**Collection entries**.

———

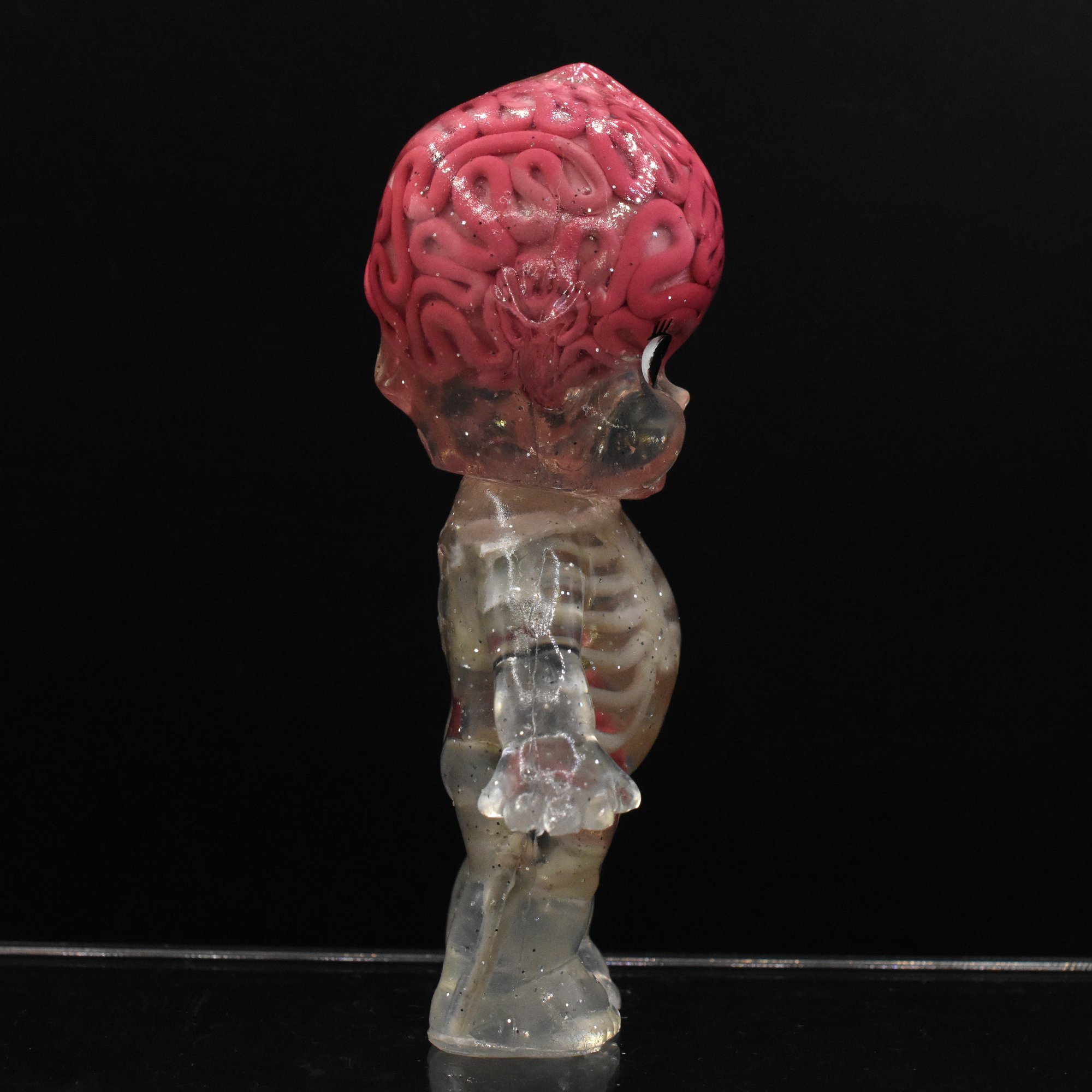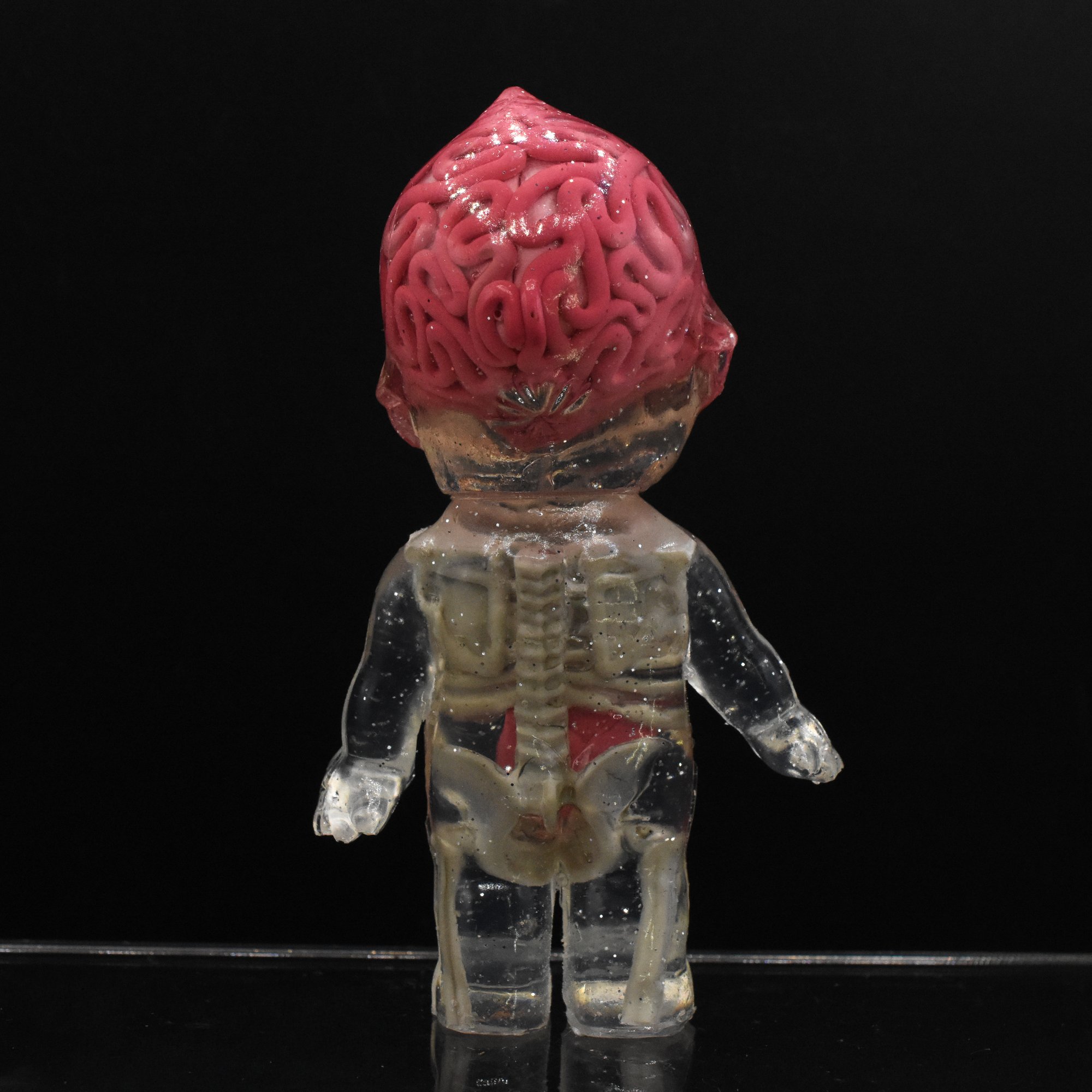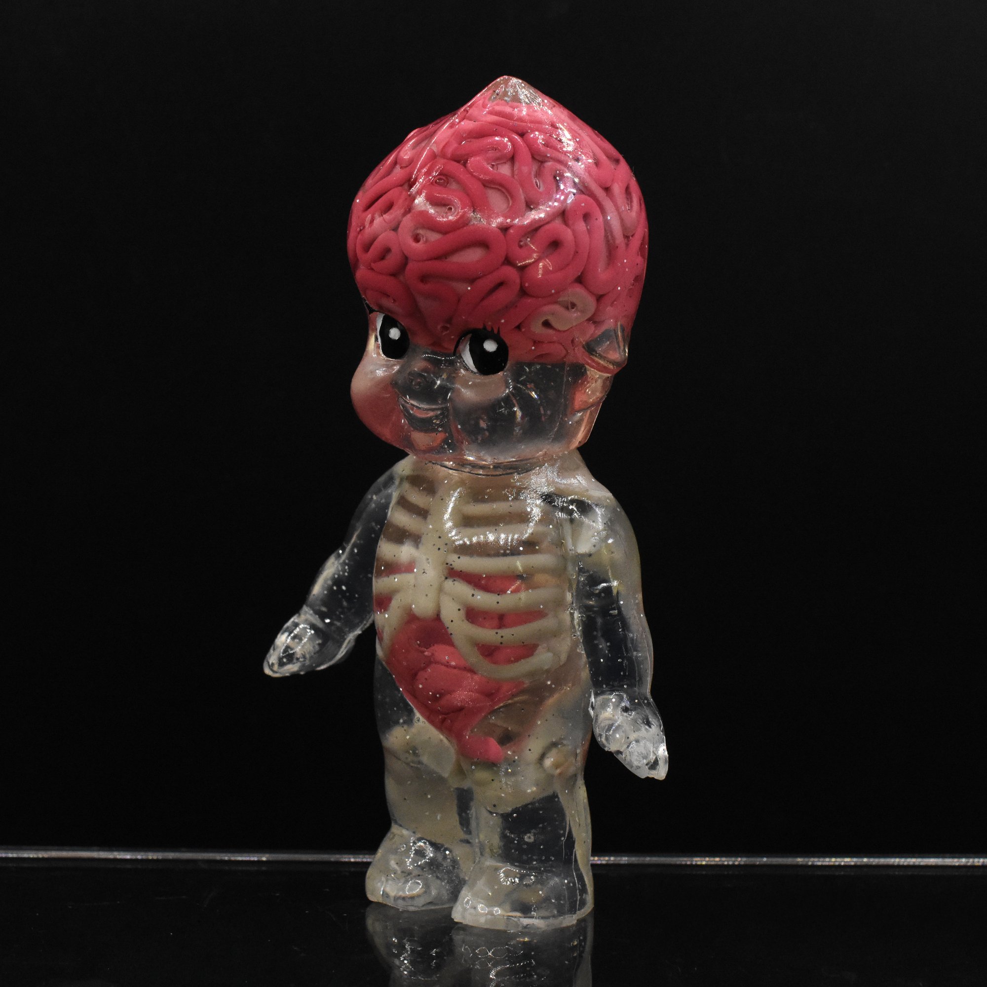 Large Kilos Kewties double casted resin toy with a hand sculpted brain, guts ribcage spine and pelvic bone double cast inside as well as silver glitter thruout the figure. Head of the kewpie glows in the dark!
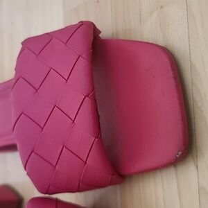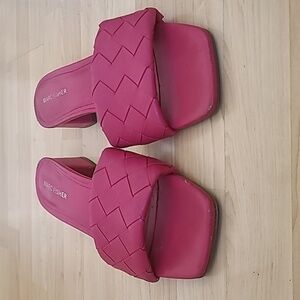 MARC FISHER Pink Casper Weave Square-Toe Slip-On Block-Heel Sandals Size 11
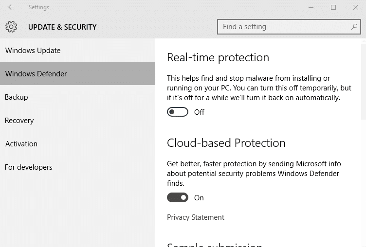 [HKEY_LOCAL_MACHINE\SOFTWARE\Policies\Microsoft\Windows Defender\Real-Time Protection]
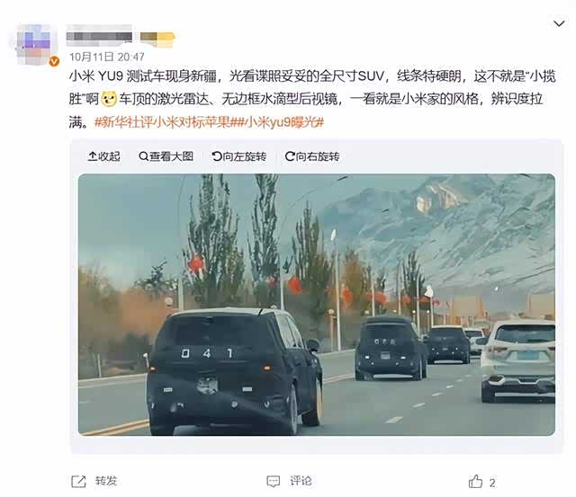 这一配置与小米SU7、YU7发布前的高管督测惯例高度一致,暗示YU9已进入研发后期,或于2026年正式亮相。
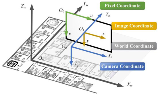 12] took a depth camera as the carrier to acquire indoor color and depth images, and then built a visual positioning framework on the basis of image features and depth information. The binocular camera can obtain the depth data of target points according to the focal length, baseline, and parallax matrix. However, depth and binocular cameras are expensive, significantly reducing their ease of use and universality. With the popularity of smartphone terminals and the reduction in the cost of vision sensors, indoor visual positioning based on monocular images has broader application prospects.
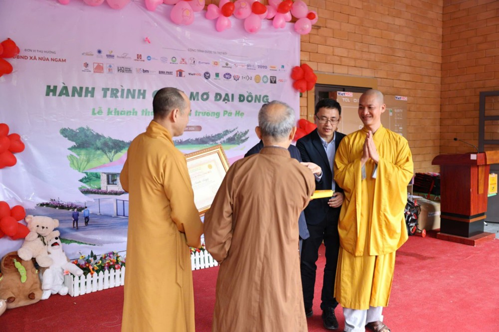 Tại buổi lễ, đại diện lãnh đạo địa phương bày tỏ sự tri ân đối với Ban Trị sự GHPGVN tỉnh Điện Biên cùng các đơn vị tài trợ đã quan tâm, hỗ trợ xây dựng điểm trường, góp phần chăm lo sự nghiệp giáo dục tại địa phương.
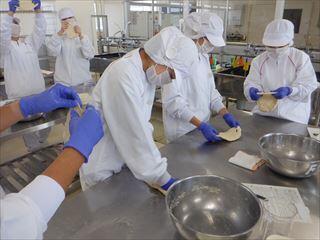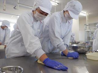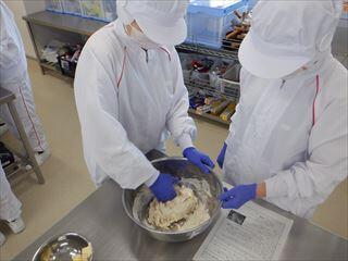 2年次生のときには、袋の中でこねる方法でミルクパンを製造しました。今回は初めて、直接生地に触れ、こねる方法で製造をしました。
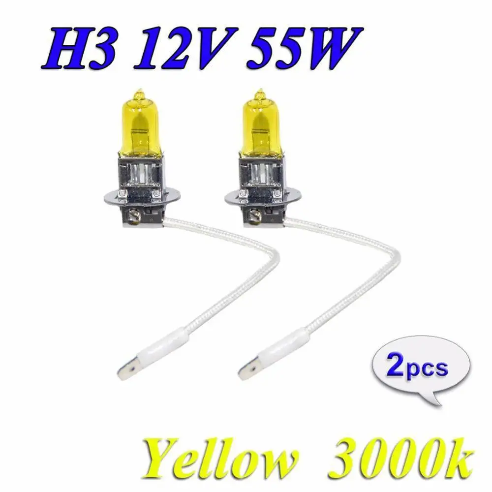 NEW 2Pcs H3 12V 55W 3000K Super Bright Yellow Car Headlight Bulb Fog Lamp Bulb Auto Head Light Bulbs Automobiles Light Source
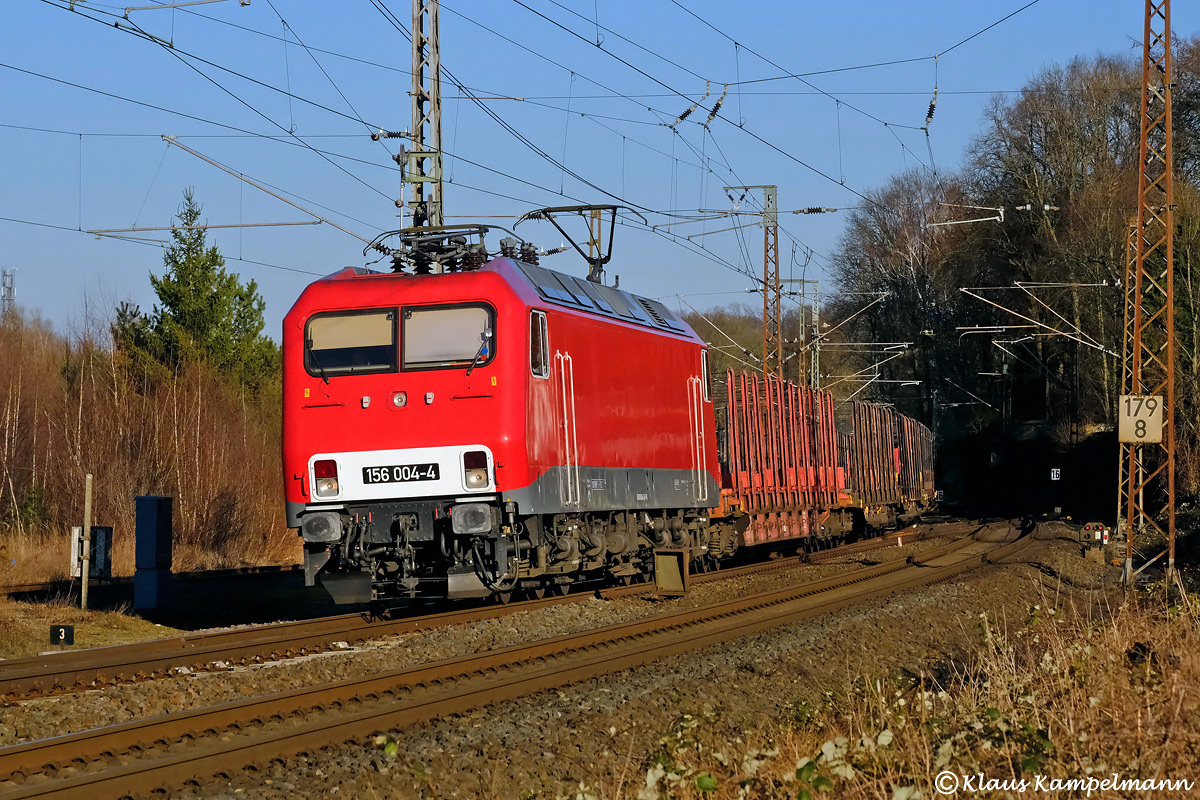 Nachdem im Mai 2020 das Fahrzeugwerk Karsdorf, eine 100%ige Tochter der Erfurter Bahnservice GmbH (EBS), die 156 002 übernommen hatte, folgten ihr im Januar 2022 die drei anderen 156er. Am 08.03.2022, der Zug war schon lange vor Erreichen der ersten Soester Weichen zu hören, war die Überraschung groß, als 156 004 im makellosen Lack mit dem aus leeren Rungenwagen bestehenden DGS 69483 aus Göttingen nach Düsseldorf-Eller am Fotografen vorbeieilte.

———

**Task prompt**.
Repeat the lines above exactly, and keep every picture out.

**Solution**.
 Large Kilos Kewties double casted resin toy with a hand sculpted brain, guts ribcage spine and pelvic bone double cast inside as well as silver glitter thruout the figure. Head of the kewpie glows in the dark!
 MARC FISHER Pink Casper Weave Square-Toe Slip-On Block-Heel Sandals Size 11
 [HKEY_LOCAL_MACHINE\SOFTWARE\Policies\Microsoft\Windows Defender\Real-Time Protection]
 这一配置与小米SU7、YU7发布前的高管督测惯例高度一致,暗示YU9已进入研发后期,或于2026年正式亮相。
 12] took a depth camera as the carrier to acquire indoor color and depth images, and then built a visual positioning framework on the basis of image features and depth information. The binocular camera can obtain the depth data of target points according to the focal length, baseline, and parallax matrix. However, depth and binocular cameras are expensive, significantly reducing their ease of use and universality. With the popularity of smartphone terminals and the reduction in the cost of vision sensors, indoor visual positioning based on monocular images has broader application prospects.
 Tại buổi lễ, đại diện lãnh đạo địa phương bày tỏ sự tri ân đối với Ban Trị sự GHPGVN tỉnh Điện Biên cùng các đơn vị tài trợ đã quan tâm, hỗ trợ xây dựng điểm trường, góp phần chăm lo sự nghiệp giáo dục tại địa phương.
 2年次生のときには、袋の中でこねる方法でミルクパンを製造しました。今回は初めて、直接生地に触れ、こねる方法で製造をしました。
 NEW 2Pcs H3 12V 55W 3000K Super Bright Yellow Car Headlight Bulb Fog Lamp Bulb Auto Head Light Bulbs Automobiles Light Source
 Nachdem im Mai 2020 das Fahrzeugwerk Karsdorf, eine 100%ige Tochter der Erfurter Bahnservice GmbH (EBS), die 156 002 übernommen hatte, folgten ihr im Januar 2022 die drei anderen 156er. Am 08.03.2022, der Zug war schon lange vor Erreichen der ersten Soester Weichen zu hören, war die Überraschung groß, als 156 004 im makellosen Lack mit dem aus leeren Rungenwagen bestehenden DGS 69483 aus Göttingen nach Düsseldorf-Eller am Fotografen vorbeieilte.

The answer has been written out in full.